Introduction: This excerpt presents a group of spies from a CIA department called “CD”. Within the CD group, each spy is numbered in terms of importance; “CD #1” is the head of the department. All of the CD spies are orphans, so they often jokingly refer to the CIA as “Daddy C.”


Chapter 44

“You surprise me, CD #25,” I said as I entered Allan Reali’s office in the U.S. Embassy located in Papel, Brunda’s capital. “But I suppose there must be a reason why you’re ranked 25 instead of 2,500. Good on ya to figure out the latest way the Russians want to pulverize the world.”

           “Forgive me for not getting up,” he said unrepentantly as he didn’t get up.
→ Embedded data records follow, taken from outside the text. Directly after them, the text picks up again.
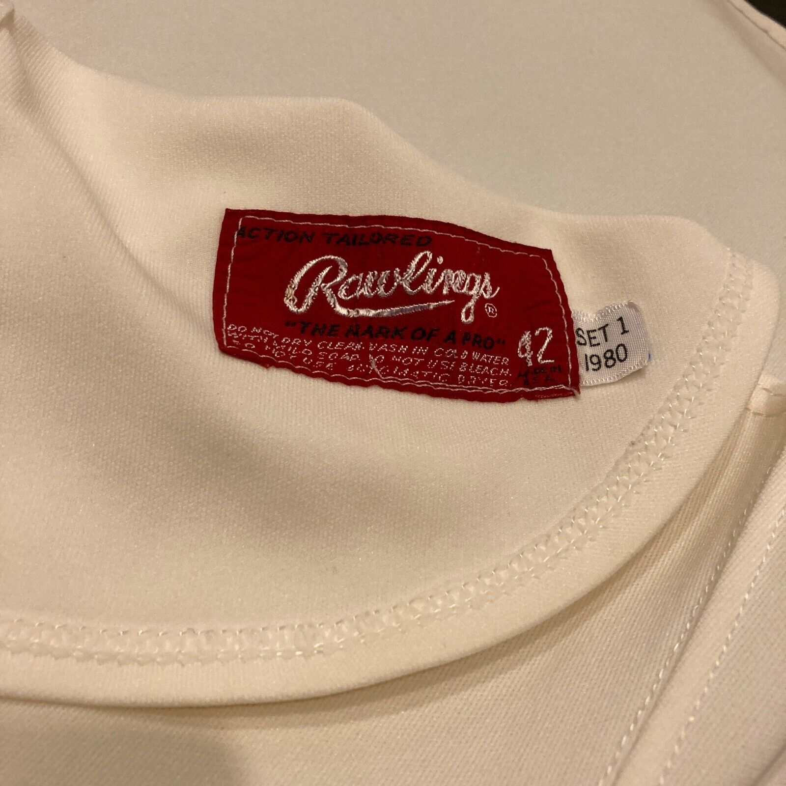 Wearing this jersey, Cal made his Major League debut on August 10, 1981 against Kansas City. Earl Weaver put the rookie in as a pinch runner in the 12th inning and he promptly scored the winning run on a John Lowenstein single. Weaver used him as a pinch runner again two days later in the first game of a doubleheader. In the second game Cal went hitless in two at bats but recorded his first big league hit on August 16 against the White Sox. In his short stint with the O’s in 1981, Cal demonstrated through his fielding, bat and drive that he was indeed Big League material. He’d make the Orioles roster out of spring training the next year and starting May 30, 1982 would play in every single Orioles game for the next 16 years.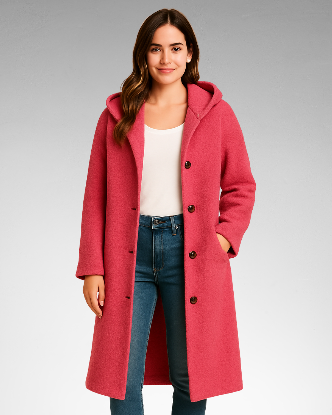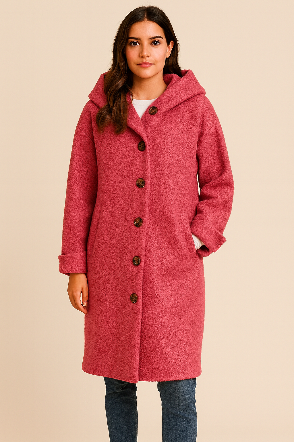 La Chiara es el abrigo ideal para quienes buscan comodidad, estilo y un toque femenino en los días más fríos. Su diseño largo con botones frontales y capucha aporta una silueta elegante y moderna, mientras que su tejido cálido y suave envuelve con una sensación acogedora.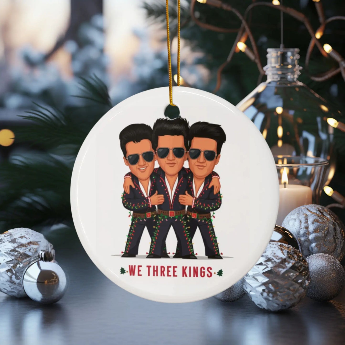 Christmas Tree Bauble We Three Kings Funny Elvis Ceramic
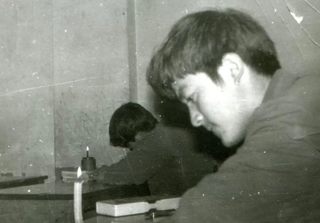 这两张照片就是我高中时候拍的,因为有些年头了,都能看到照片上的划痕。当时那个年代,考大学是唯一的出路,而那时候考大学又很难,所以大家还是很努力的,点着蜡烛在教室学习——那时候一到晚上就停电。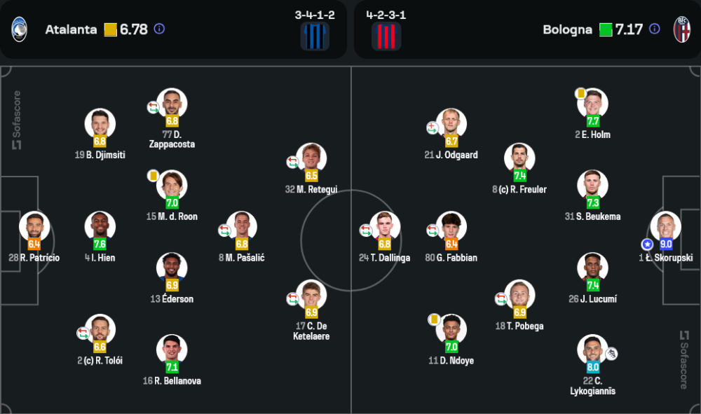 - อตาลันต้า: อิซัค เฮียน (7.6), มาร์โก เบรสเชียนินี (7.2), ราอูล เบลลาโนว่า (7.1)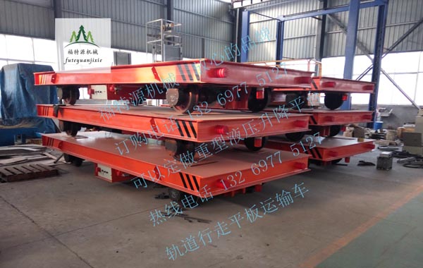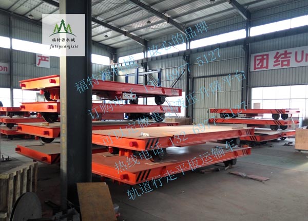1、平板車是一種電動(dòng)有軌廠內(nèi)運(yùn)輸車輛。又稱電動(dòng)平車、臺(tái)車、過(guò)跨車。它具有結(jié)構(gòu)簡(jiǎn)單、使用方便、容易維護(hù)、承載能力大、污染少等優(yōu)點(diǎn)。廣泛用于機(jī)器制造和冶金工廠,作為車間內(nèi)部配合吊車運(yùn)輸重物過(guò)跨之用。KP 系列電動(dòng)平車高度低,臺(tái)面加強(qiáng),改型容易,維修方便。此系列平車可改裝為電瓶直流供電方式供電,改為直流供電后不僅增加了安全,而且不怕?tīng)C,不怕砸,不妨礙交叉運(yùn)輸,容易實(shí)現(xiàn)遙控和自動(dòng)化,可以在彎道,環(huán)行道上行駛,適應(yīng)增加降壓變壓器數(shù)量可不受平車運(yùn)行距離的限制,給廠區(qū)運(yùn)輸平面布置以很大方便,大大的增加了作業(yè)范圍。平板車是一種電動(dòng)有軌廠內(nèi)運(yùn)輸車輛。又稱電動(dòng)平車、臺(tái)車、過(guò)跨車。它具有結(jié)構(gòu)簡(jiǎn)單、使用方便、容易維護(hù)、承載能力大、污染少等優(yōu)點(diǎn)。廣泛用于機(jī)器制造和冶金工廠,作為車間內(nèi)部配合吊車運(yùn)輸重物過(guò)跨之用。KP 系列電動(dòng)平車高度低,臺(tái)面加強(qiáng),改型容易,維修方便。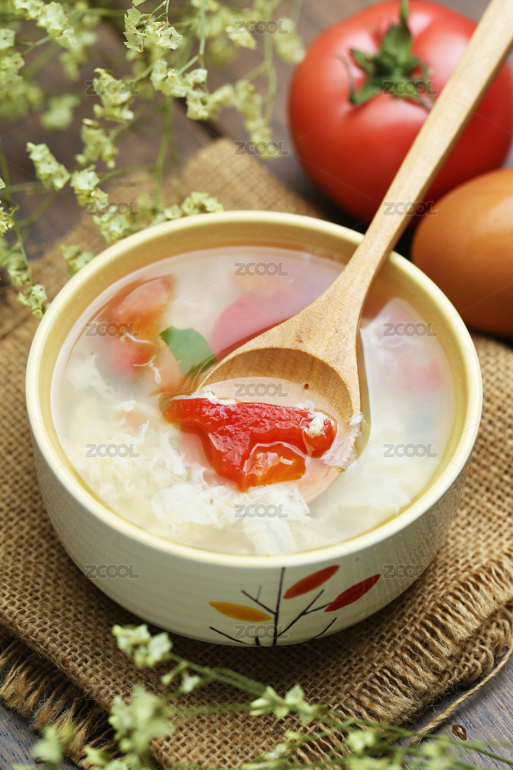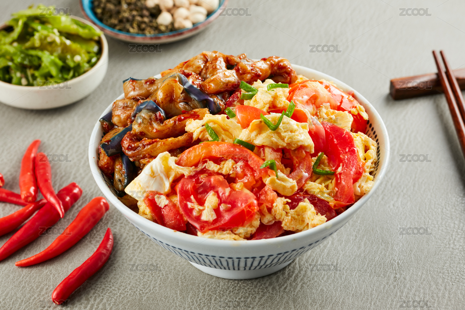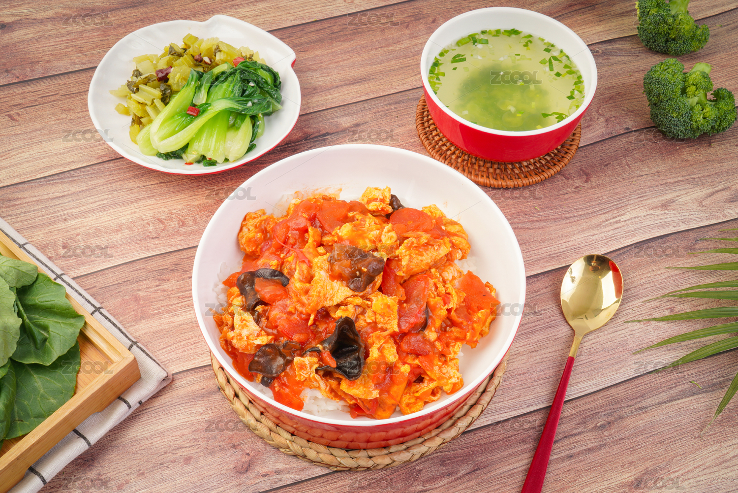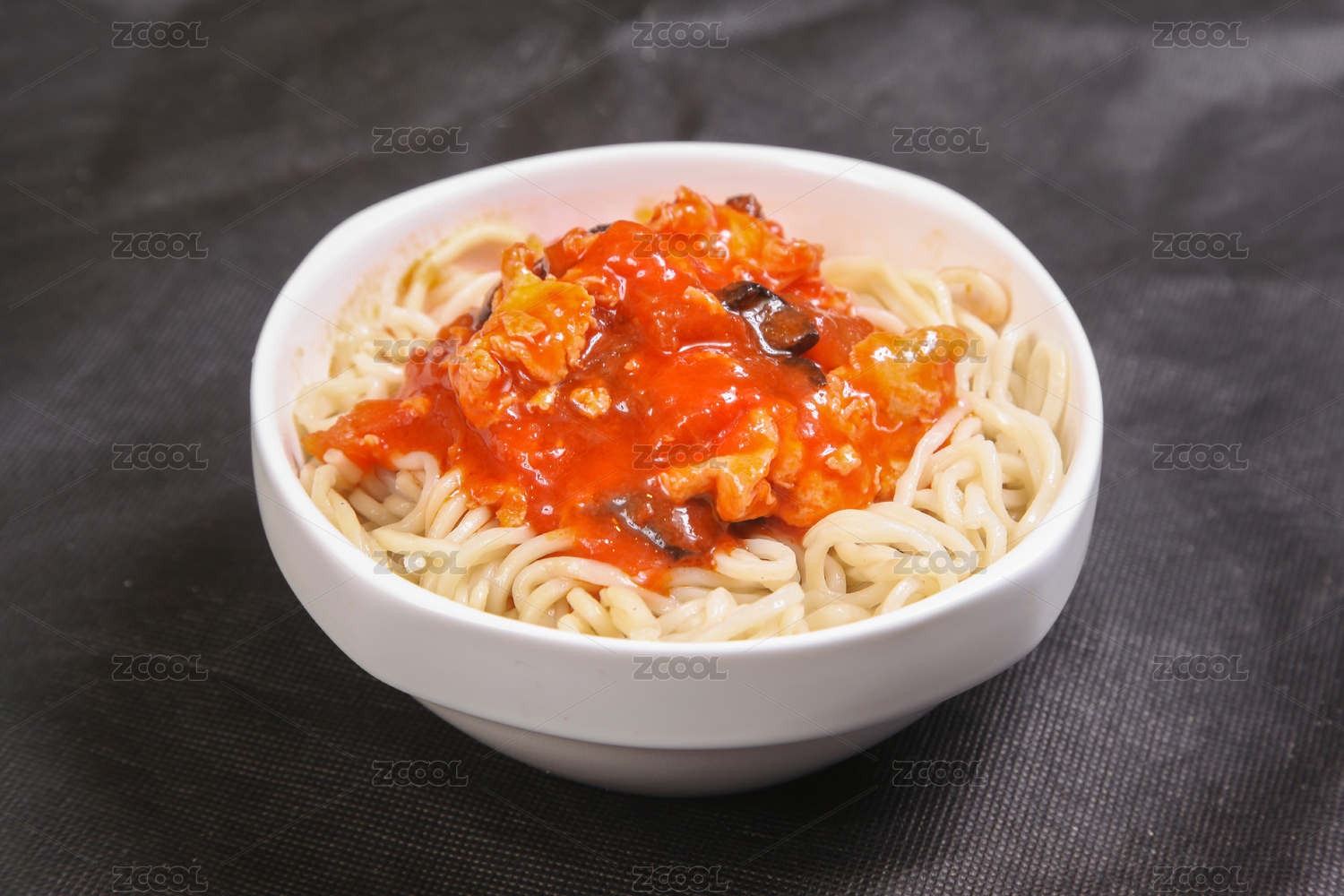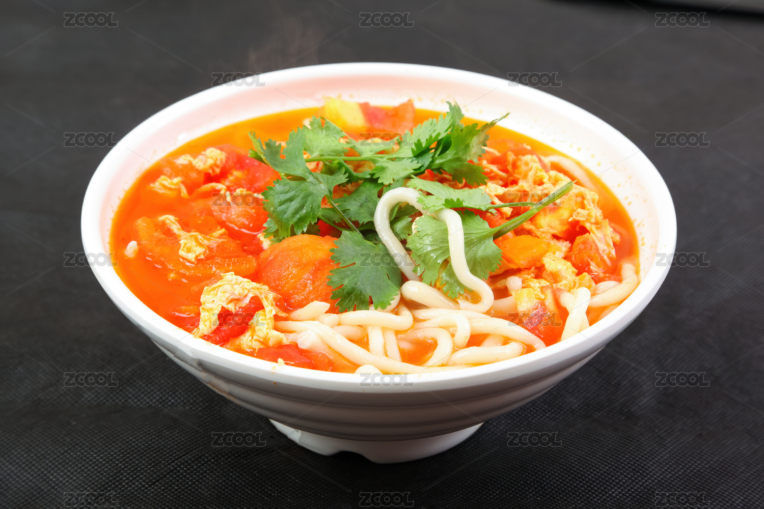 西紅柿雞蛋打鹵面特寫(xiě)木桌面背景

I took a closer look. Even seated, he looked much thinner than the last time I saw him.

           “You remember CD #182,” I said as Sofia entered his office.

           He sighed and got up. He grunted as Sofia succinctly said “Hello,” then dropped back to his chair. It was affirmed: he was as skinny as an Argentine Lake Duck’s penis, classified as the longest penis among birds. I once read about the scientifically dubbed Oxygura vittate: “known to extend its corkscrew-shaped appendage to ‘lasso’ females. When it’s not flinging its ding-a-ling like Spider Man shooting his web, it’s assumed the Argentine Lake Duck dangles its penis in the water like bait and tackle to attract small prey.”

           “But you didn’t get up for me,” I said, pretending to care.

           “No. What you meant to say is that I’ve gotten skinny enough to use floss as toilet paper,” he replied.

           “Huh,” I said for lack of a better thing to say. But then I thought I should embellish and added, “What’s a floss?”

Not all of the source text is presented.